How Dyad Leadership Sets Up Emergency Departments for Success

By Daniel Meltzer, MD, MPH, FACEP Jeff Wood, RN

As healthcare systems become more complex many organizations are ditching traditional operational siloes in favor of the more integrated dyad leadership model. Pairing a non-physician and physician (e.g. medical director and nurse director) in co-leadership roles establishes the foundation for cooperative and collaborative decision making that is necessary to manage the continuous change in healthcare today.

Dr. Daniel Meltzer, a Studer Group Physician coach and immediate past Chief of Emergency Medicine at Kaiser Permanente in San Diego, CA, and Jeff Wood, a registered nurse with more than 30 years in emergency services leadership, sat down to discuss their own experiences leading in dyad partnerships, and how emergency departments in particular can benefit from this team-based approach.

For the purpose of this Q&A session, DM indicates Daniel Meltzer, MD and JW indicates Jeff Wood, RN.

Why is dyad leadership important now more than ever for healthcare organizations?

DM: In healthcare today leaders are being asked to solve big, multifaceted problems that are connected in complicated ways. Dyad leadership is the most practical and symbiotic structure if we want to make progress. Particularly when utilized by leaders such as an emergency department medical director and nurse director, it says to staff, “This is how we do things” and role-models the expectation of collaboration and interdependence at every level.

JW: Dyad leadership equips us to negotiate the ever-expanding scope of our work in healthcare. At the system level down to departments, leaders have the opportunity to address big, weighty challenges. The skill sets needed for success are better represented by dyad partnerships.

What elements of dyad leadership make the model effective for emergency department leadership?
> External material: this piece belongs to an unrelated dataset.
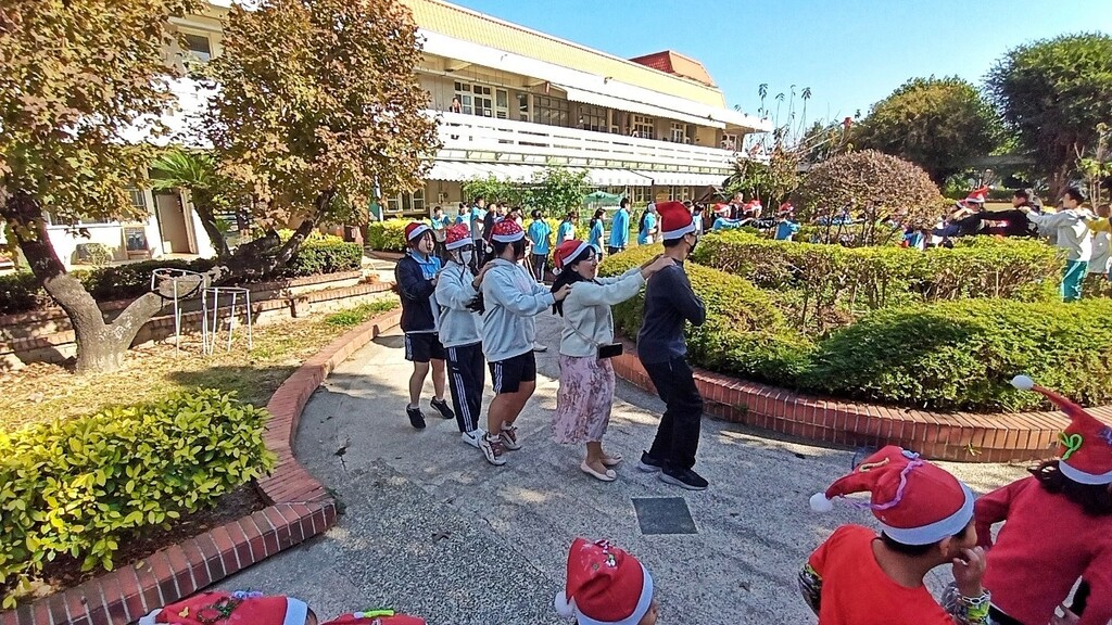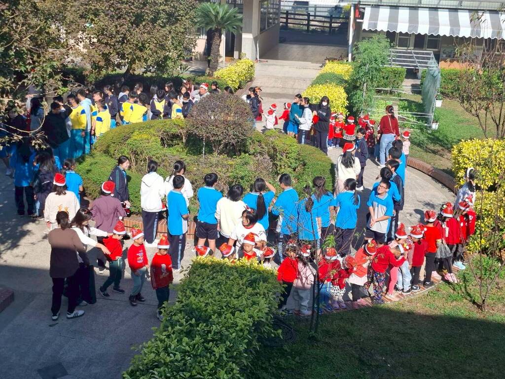 最溫馨的是,這不只是孩子的舞台,師長與大哥哥、大姊姊們也一起加入行列,大家手牽手、心連心,在聖誕音樂中快樂起舞。這一刻,年級的隔閡消失了,取而代之的是彼此傳遞的溫暖與祝福。

DM: Emergency medicine is a team sport. You can’t do it alone. The emergency department is an inherently stressful and dynamic environment and therefore particularly benefits from collaboration and partnership, everywhere and all the time. The elevated stressors in the ED require extra cooperation and microsystem continuity. The team has to have influence at a local level. If a Medical Director and Nurse Director are leading together, teams are more likely to work together.

JW: In the fast-paced, high-volume environment of the ED, dyad partnerships deliver a clear role for physician leaders and non-physician leaders. The better those two parties co-lead, the better the outcome for the patient. When I think about the highest performing EDs I’ve been in over the years, dyad leadership was already there. It’s a best practice with a proven track record.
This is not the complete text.